How to prepare target heatmaps?

yangsenius / TransPose

PyTorch Implementation for "TransPose: Keypoint localization via Transformer", ICCV 2021.

https://github.com/yangsenius/TransPose/releases/download/paper/transpose.pdf

MIT License

360 stars 58 forks source link

How to prepare target heatmaps? #29

Closed mukeshnarendran7 closed 2 years ago

mukeshnarendran7 commented 2 years ago

I want to use the pre-trained model and fine-tune it for another application but I am not able to find the heatmaps preparation code reference? Is it similar to taking an image an converting the (x,y) co-ordinates to heatmaps like for CNN's pose estimation problem?

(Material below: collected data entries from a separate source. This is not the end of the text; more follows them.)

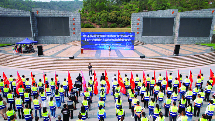 惠环街道在仲恺公园举办打击治理电信网络诈骗誓师大会。
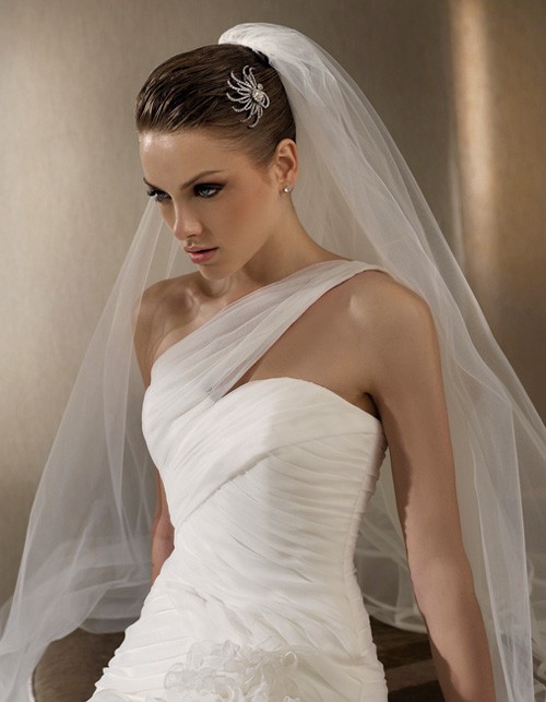 One Shoulder Satin and Organza Euro Style Wedding Dress
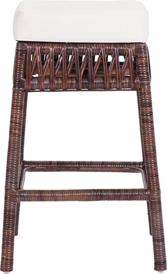 Bali Rattan Backless Counter Stool, White Cushion with Woven Frame
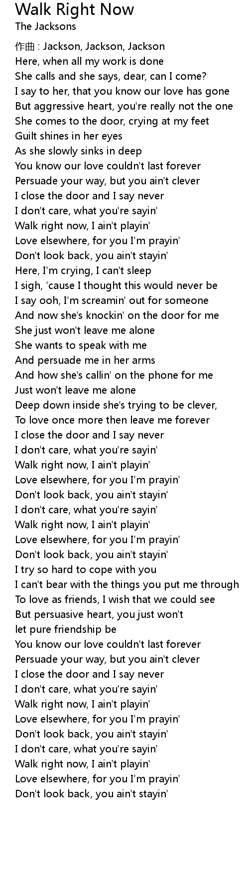 | Song | Walk Right Now |
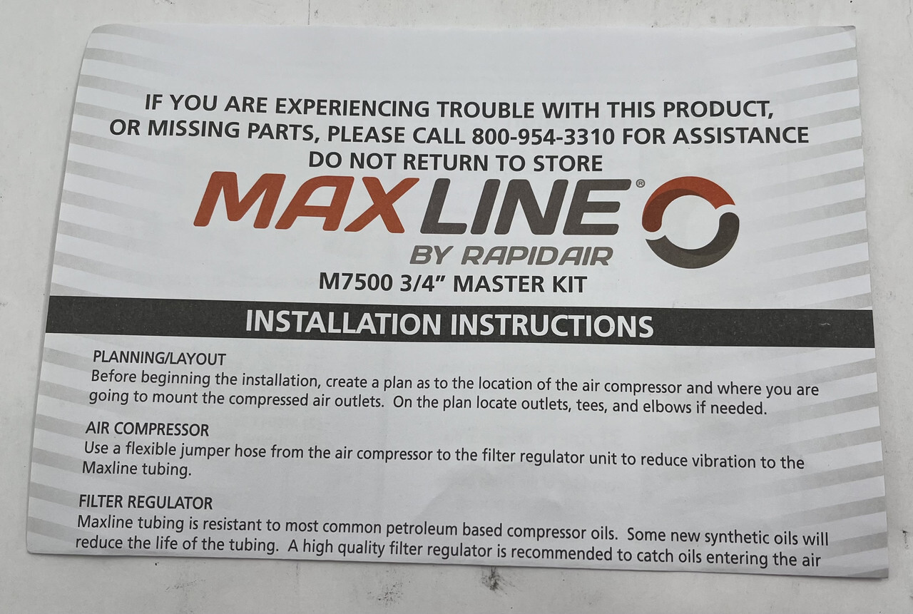 RAPIDAIR M7500 MAXLINE 3/4" MASTER AIR HOSE KIT This item is new in original box as shown.
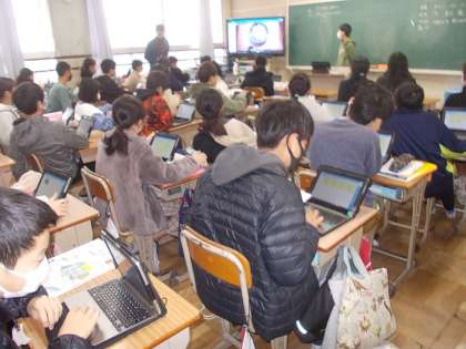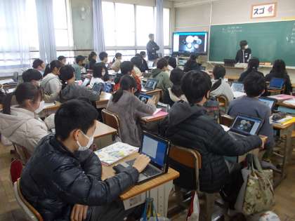 4組の家庭科「冬を明るく 暖かく」の学習をしています。
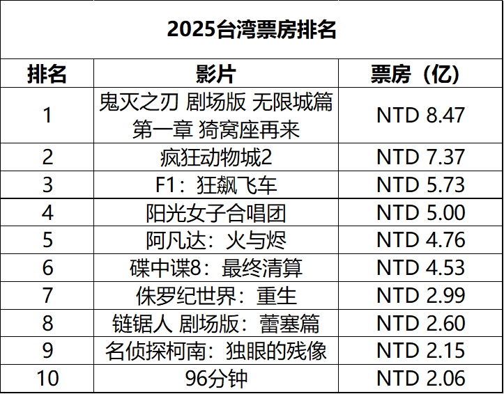 2026年第6周台湾票房 :1.《阳光女子合唱团》稳居冠军,最新票房破5亿新台币排名2025年度第4,台湾影史第26,台湾本土片第2,即将成为台片影史冠军;2.《疯狂动物城2》累计票房7.37亿排名台湾影史第9;3.《庇护之地》在新片中成绩最佳。(单位:新台币 数据:台湾电影及视听文化中心)
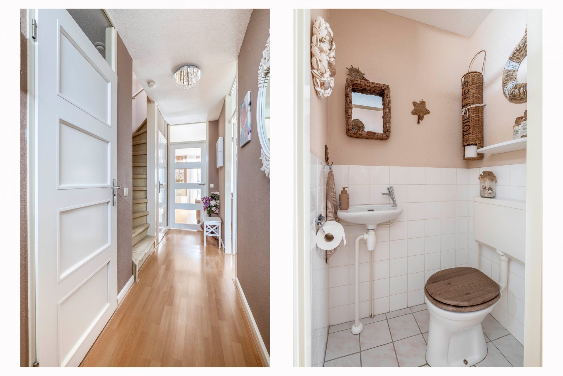 Via de ruime entree heb je toegang tot alle vertrekken. Hier is voldoende ruimte voor een garderobe en bevindt zich de meterkast. Het toilet is separaat en voorzien van een fonteintje. In de hal vind je tevens de trapopgang met praktische trapkast en de toegang tot de woonkamer en keuken.
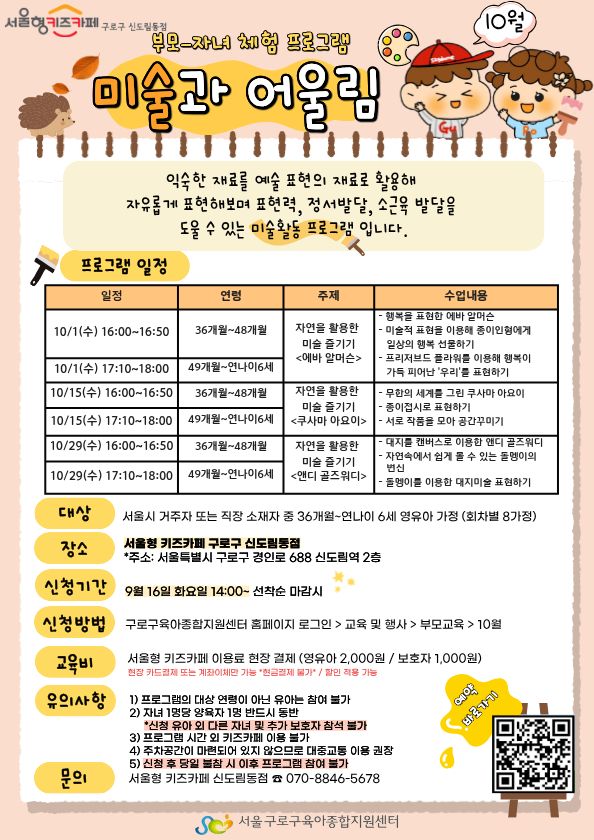 [서울형 키즈카페 신도림동점] 10월 1주 '미술과 어울림 (49개월~연나이 6세)
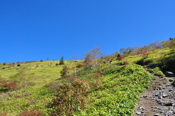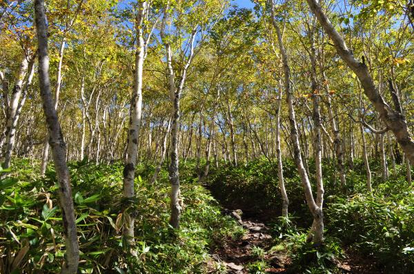 根子岳へ向かって少し登るとダケカンバの樹林帯に。
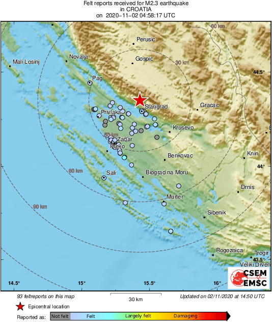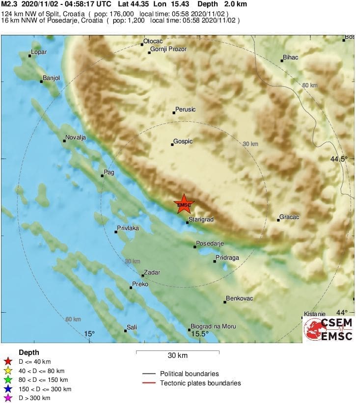 Jutros u 5 sati i 58 minuta zabilježen je slab potres magnitude 2.3 po Richteru na istom području koje je jučer bilo pogođeno potresom. Epicentar je bio 16 kilometara sjeverozapadno od Posedarja.
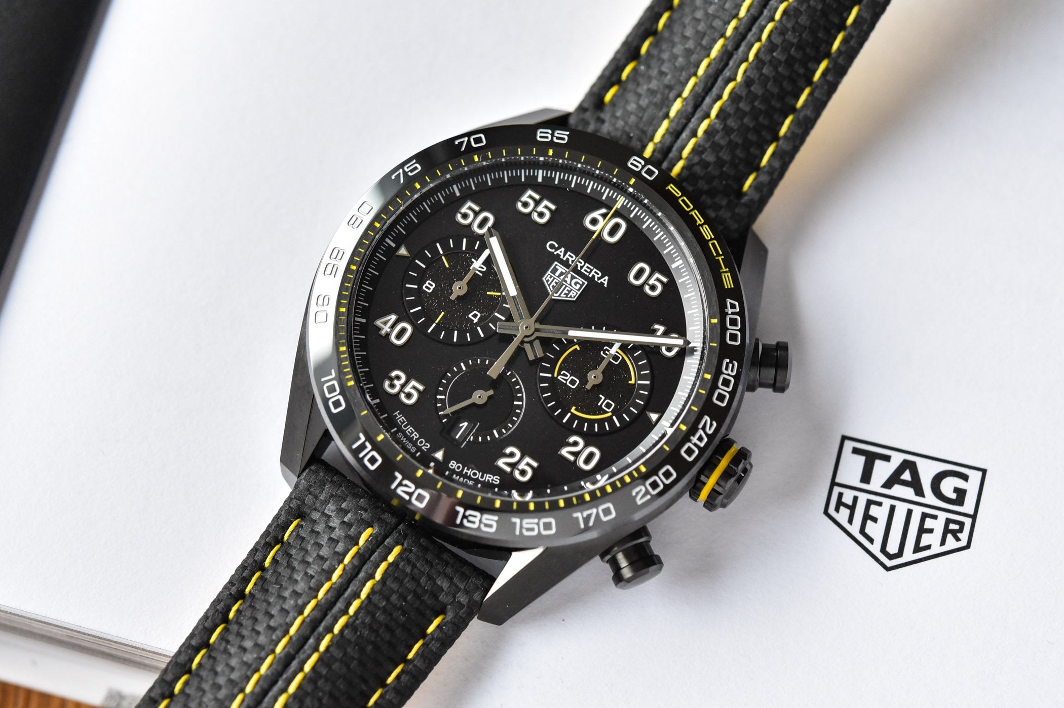 True to its racing genes, the case is powered by our in-house Heuer 02 automatic movement with an 80-hour power reserve.
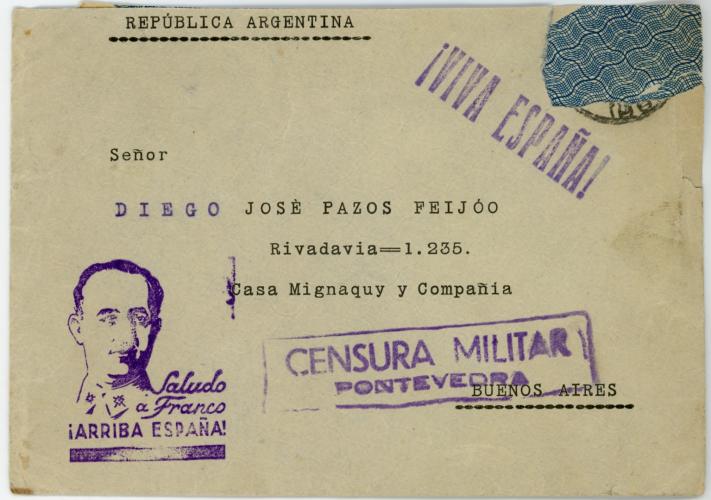 In short, this appears to be a cover sent in or about 1937 during the Spanish Civil War by surface mail, using a security envelope, from a Nationalist sender in Pontevedra (Galicia) to a correspond in Buenos Aires, Argentina.
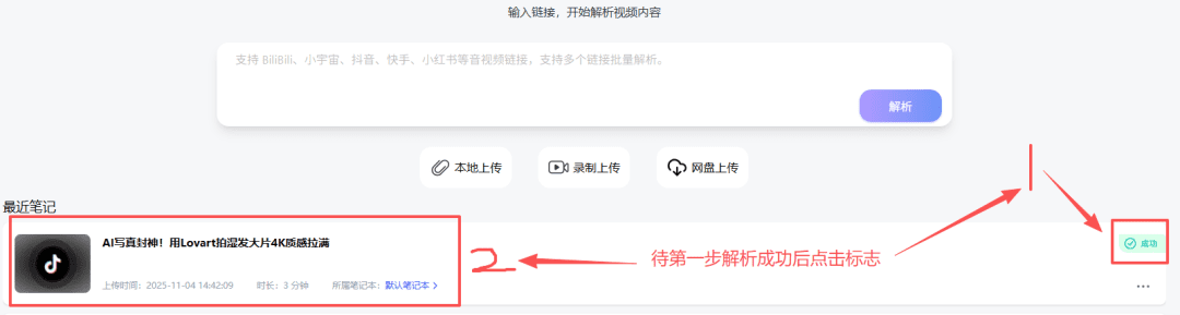 然后将链接粘贴到AI好记里面,点击解析
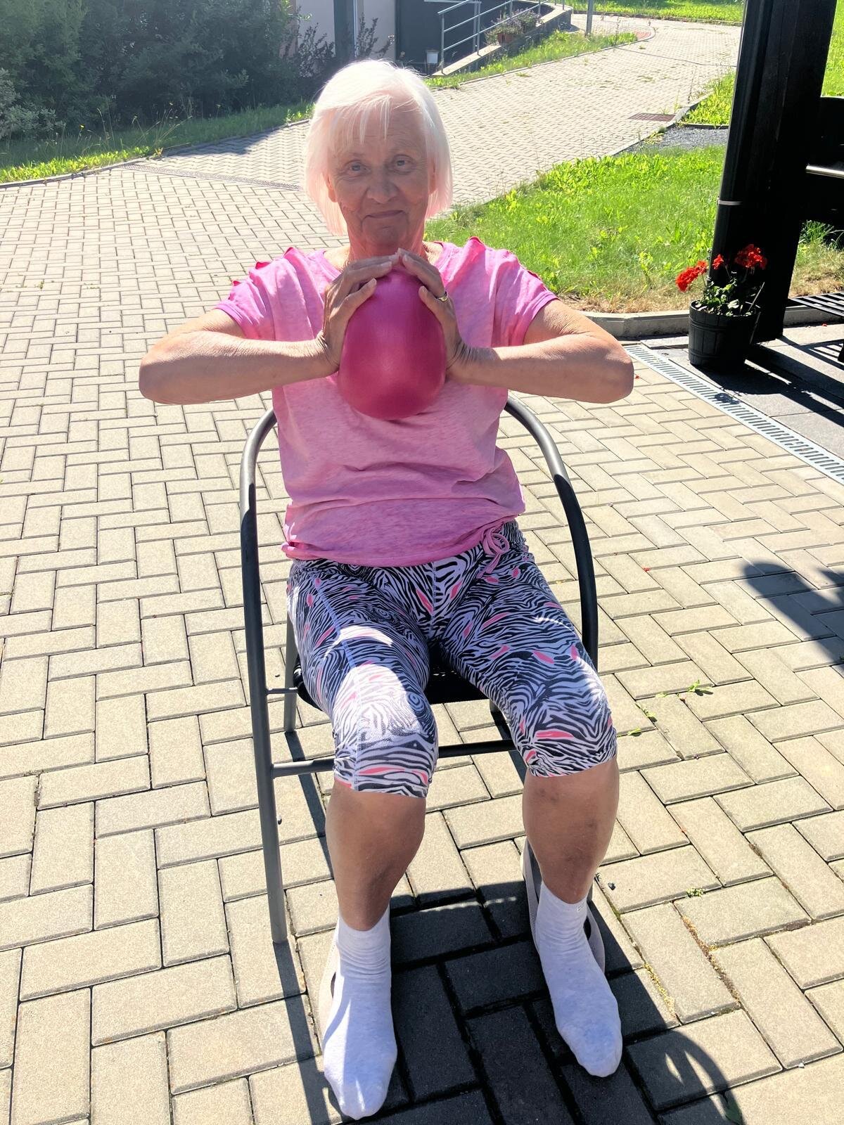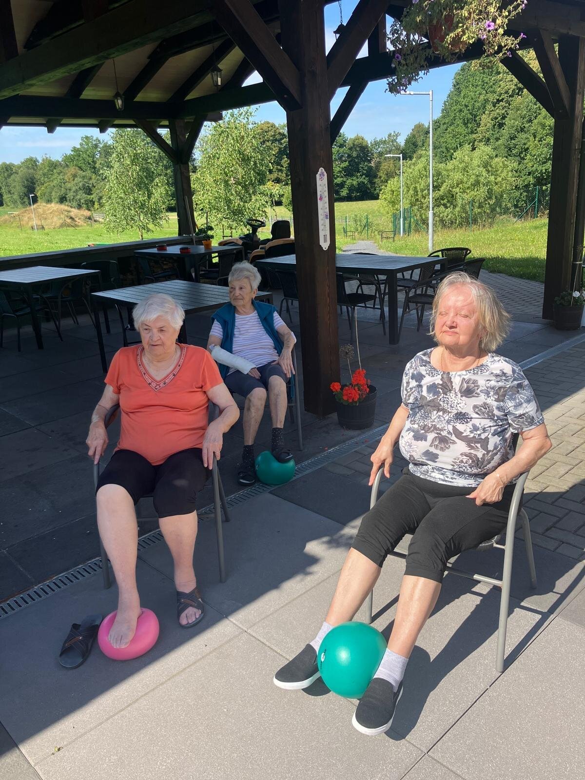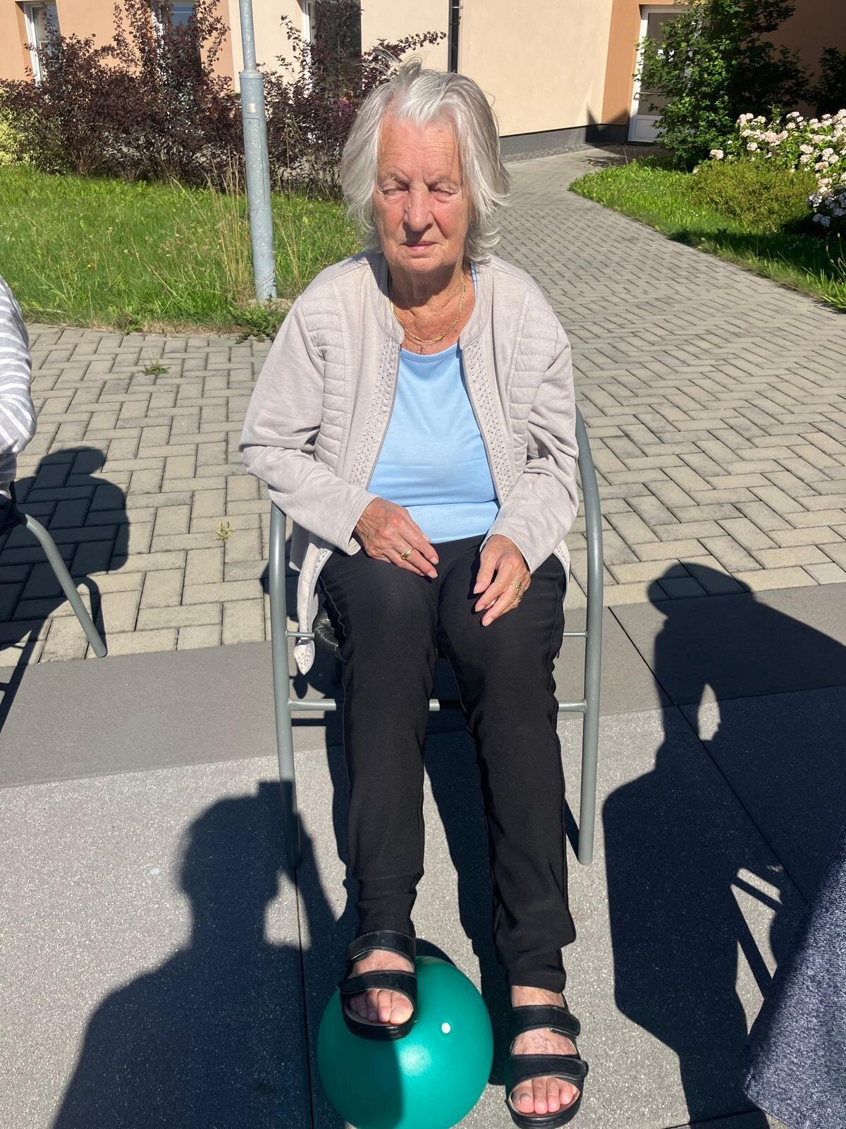 Aby si naši klienti v Senevida Kateřinice udrželi co nejdéle funkční střed těla a schopnost chůze, poctivě posilujeme pomocí overballů. Využíváme krásných slunných dní, a proto většina aktivit nyní probíhá venku na zahradě.🌞

The model output is of (48,64) but my input images are 256, 192. A reference will be helpful. Thanks

yangsenius commented 2 years ago

Please refer to https://github.com/yangsenius/TransPose/blob/dab9007b6f61c9c8dce04d61669a04922bbcd148/lib/dataset/JointsDataset.py#L239

mukeshnarendran7 commented 2 years ago

Thanks for getting back

So if your input is (256, 192) and output heatmaps are (48,64) how are you transforming them back to key points on (256,192)? I have not seen this in many pose estimation cnns, it would be nice to get some insight on this
I have another query on how the final layer is transformed while testing the mpii dataset. In the paper, it is mentioned that you need to use a d*16 fully connected layer in place of the final layer with a pre-trained network. If you could share a code example would be great because I am a bit confused with the output as they are not heatmaps then.
How would you compare to the target?

yangsenius commented 2 years ago

Hi,

We use this code to transform the coordinate in (48, 64) into the original coordinate frame of (256, 192). This approach unavoidably brings quantization error, so we use DARK based post-processing to reduce such error.
The final layer in the model is a 1x1 conv that convert the channel number from d to keypoint_number. This 1x1 conv equals a linear FC, because it is position-wise linear transformation. So you can also use a 1x1 conv with (d, 16) channels. They have the same effect to output the heatmaps.
Just MSE loss to compute the error with GT heatmaps

mukeshnarendran7 commented 2 years ago

Hi, thanks once again for clarifying the issues. I have some more questions about processing.

Will this approach work too for generating heatmaps. Ex: if I have an image (256, 192) and want to generate 16 heatmaps, then I can just transform the co-ordinates like ((x_n/256)48, (y_n/256)64) (n=0....16) and make a gaussian heatmap from these co-ordinates
When you mention using MSE loss to compute errors like the PyTorch implementation will be just as good enough or do I need to use the JointsMSELoss(nn.Module): you have used in loss.py?

yangsenius commented 2 years ago

Yes, you're right.
JointMSEloss considers more detailed implementation, such as the visibility of the keypoints. Essentially, they are the same loss function. But I suggest to use the JointMSE loss.